Autocorelation analysis

The average autocorrelation functions (ACF) were calculated as described in²¹ using the intensities of all TS tracks over time. The ACF was calculated for 3s intervals and 12s intervals after correcting the individual traces for photobleaching.

Bayesian inference

The joint posterior $p\left(\theta ,\omega ,x_{[0,T]}\mid y_1,\dots ,y_n\right)$ of model parameters $\theta$, observation parameters $\omega$ and latent lattice trajectory $x_{[0,T]}$ was split into marginal parameter posterior $p\left(\theta \right)p\left(\omega \right)p(y\mid \theta ,\omega )$ and the conditional state posterior $p\left(x_{[0,T]}\mid \theta ,\omega ,y_1,\dots ,y_n\right)$. Sampling from the marginal parameter posterior was realized by HMC and SVI using the probabilistic programming language Pyro⁴⁵. To integrate the stochastic process model with Pyro, we developed a procedure to evaluate to evaluate the marginal data likelihood $\mathrm{l}\mathrm{o}\mathrm{g}p(y\mid \theta ,\omega )$ by stochastic filtering.

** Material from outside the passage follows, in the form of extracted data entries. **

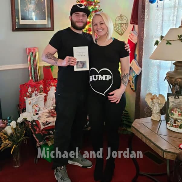 Despite Michael’s low profile on social media, we do have the black-and-white photo of him with Jordan above thanks to Jordan’s Facebook page. We also have a photo of Jordan and Michael together as part of a pregnancy announcement shoot in which you can see Jordan showing off her baby bump: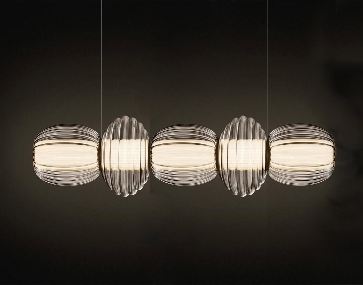 "Abbiamo voluto unire due elementi artigianali, il diffusore bianco effetto plissé e la bolla di vetro soffiato, per creare un dialogo tra tradizione e innovazione. L'idea era di far emergere la magia di due materiali classici, che si riscoprono e si trasformano insieme, dando vita a una luce poetica, capace di emozionare e sorprendere." Gabriele Chiave, Co-founder e Creative Director di Controvento.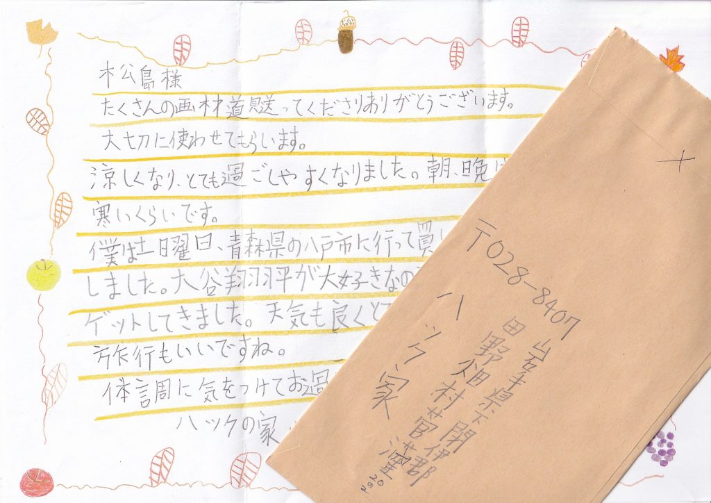ハックの家から 画材寄付 2025年10月21日 田野畑村の「ハックの家」から礼状が届きました。 朝晩の様子と大谷翔平さんのファンでドジャースの帽子をゲットしたことなど、日常が伝わるお手紙です。 10月8日に投函されています。ご報告が少々遅くなりました。 ご寄付の皆様、ありがとうございます。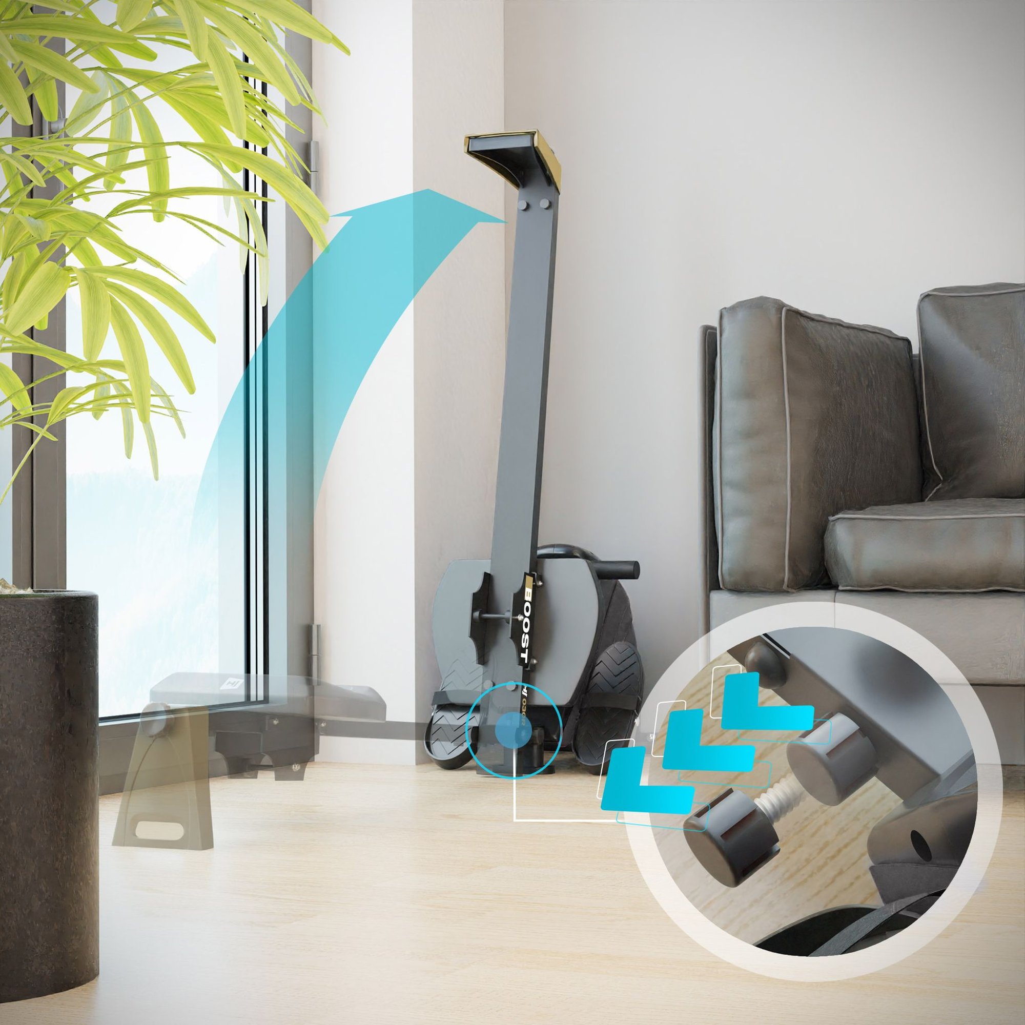en el remo permite plegar el dispositivo fácilmente, ahorrando así espacio en la habitación.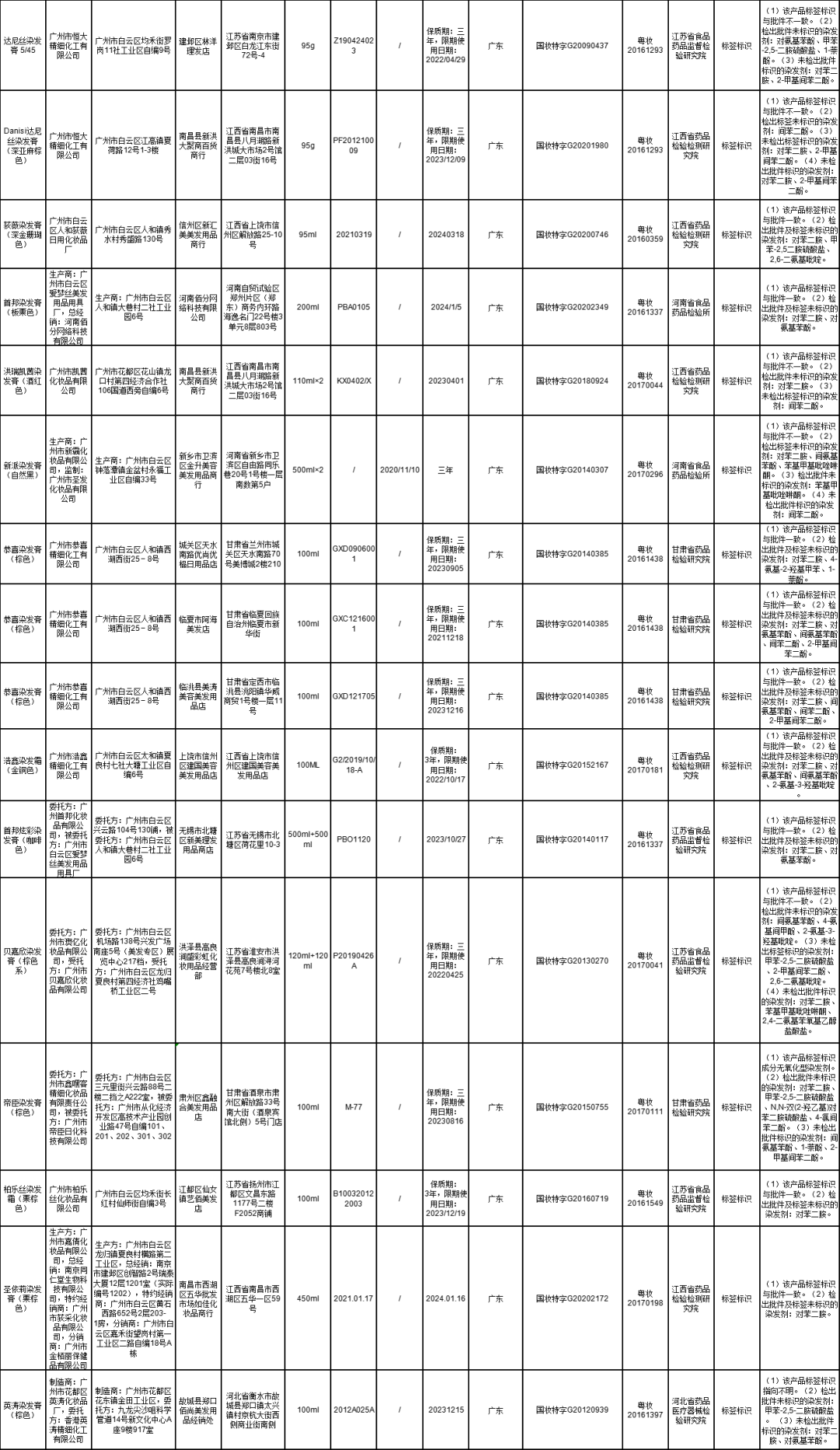 2022年1月17日,藥監(jiān)局發(fā)布了《關(guān)于71批次不合格化妝品的通告(2022年第6號)》,通報(bào)多款染發(fā)膏/染發(fā)劑含有對苯二胺,涉及達(dá)尼絲、荻薇、首邦、洪瑞凱茜、新派、恭喜、浩鑫、貝嘉欣、帝臣、柏樂絲、英濤等品牌。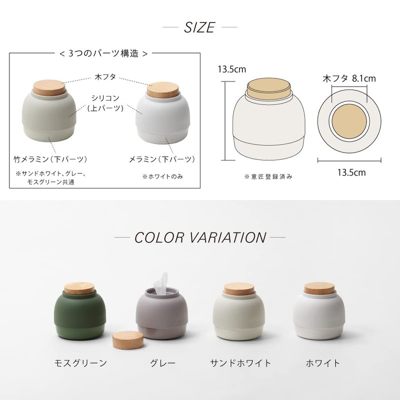 - Materials: Silicone, bamboo melamine (body), rubber wood (mildew resistant PU coating/lid). *Surface matte finish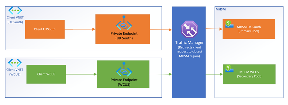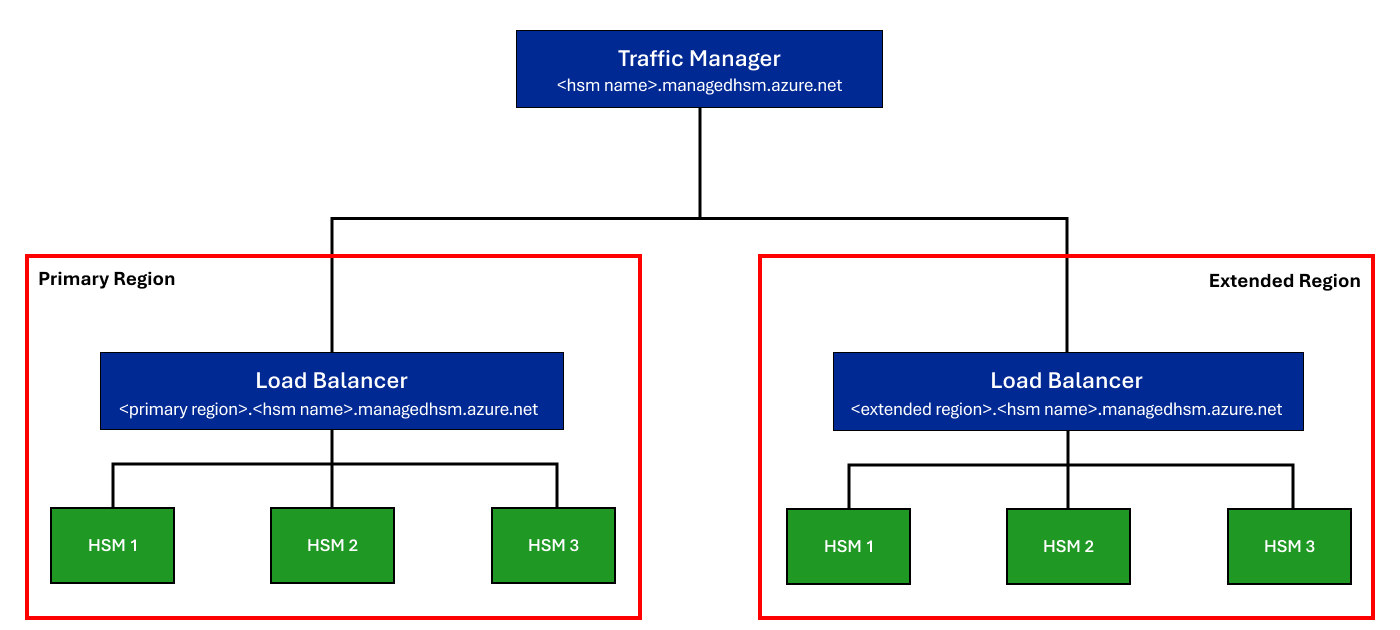 När replikering i flera regioner är aktiverad på en hanterad HSM skapas en andra hanterad HSM-pool med tre belastningsutjämnings-HSM-partitioner i en utökad region. När begäranden utfärdas till den globala DNS-slutpunkten <hsm-name>.managedhsm.azure.neti Traffic Manager tar den närmaste tillgängliga regionen emot och uppfyller begäran. Varje region har regional hög tillgänglighet individuellt på grund av fördelningen av HSM:er i regionen, men trafikhanteraren ser till att även om alla partitioner av en hanterad HSM i en region inte är tillgängliga på grund av en katastrof, hanteras begäranden fortfarande av den hanterade HSM-poolen i den utökade regionen.

Combined with a modified backward filter to compute the gradients, we designed a differentiable inference procedure applicable to general Markov jump process models. To recover the full posterior, we used backward filtering forward sampling approach to generate posterior paths from the conditional state posterior $p\left(x_{[0,T]}\mid \theta ,\omega ,y_1,\dots ,y_n\right)$. For a more comprehensive description, we refer to SI Appendix, Sec. S10. The corresponding code is available as a Python package at XXX.⁴⁸

Model selection

We used a two-fold approach to Bayesian model selection. The evidence lower bound obtained from variational inference was used to approximate the marginal likelihood of different models and corresponding Bayes factors. In order to check for model mismatch, we used an additional metric based on the Wasserstein distance of the posterior predictive distribution and the empirical data distribution. The details are given in SI Appendix, Sec. S11.